I'd been so wrapped up and stressed about shooting amazing material that I'd basically forgotten where we were. I couldn't see the wood for the trees so to speak.
I remember after two days at sea, trying to go on deck alone for an hour with no kit, to collect my thoughts.
After 20 minutes I ran back in to get my camera. I think someone had spotted a whale or something. By the time I got back on deck with all the gear, it was long gone. This made it worse initially but I then forced the hour with no camera.
This was the turning point.
I’d been so wrapped up and stressed about shooting amazing material that I’d basically forgotten where we were. I couldn’t see the wood for the trees so to speak.
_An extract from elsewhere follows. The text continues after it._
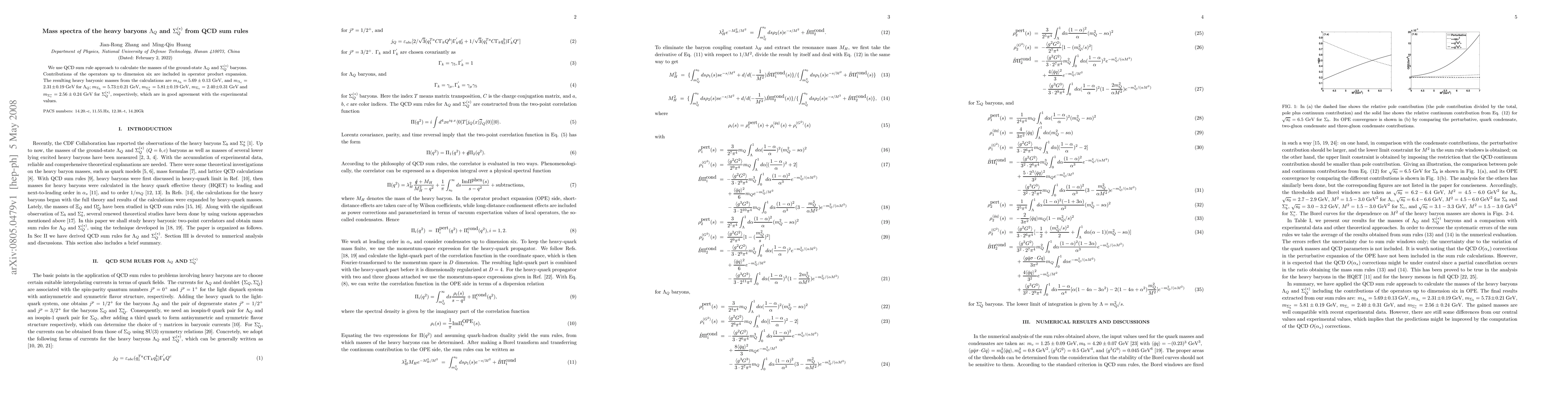 We use QCD sum rule approach to calculate the masses of the ground-state Lambda_Q and Sigma_Q^(*) baryons. Contributions of the operators up to dimension six are included in operator product expansion. The resulting heavy baryonic masses from the calculations are m_{Lambda_b}=5.69 +/- 0.13 GeV, and m_{Lambda_c}=2.31 +/- 0.19 GeV for Lambda_Q; m_{Sigma_b}=5.73 +/- 0.21 GeV, m_{Sigma_b^*}=5.81 +/- 0.19 GeV, m_{Sigma_c}=2.40 +/- 0.31 GeV and m_{Sigma_c^*}=2.56 +/- 0.24 GeV for Sigma_Q^(*), respectively, which are in good agreement with the experimental values.

I spent the next hour just looking at the passing misty grey seascape and something clicked: “I’m here. It’s not all the gear. The lenses, the mics, the drone. It’s not that that’s important…”
I calmly went back down, and from that point on began to enjoy the journey.
I worked far more methodically and practically, concentrating solely on the decent, doable shots. Ultimately this was far more effective and I then started producing what I was hoping for.
The physicality never changed but I had overcome the mental battle which is what I had never anticipated.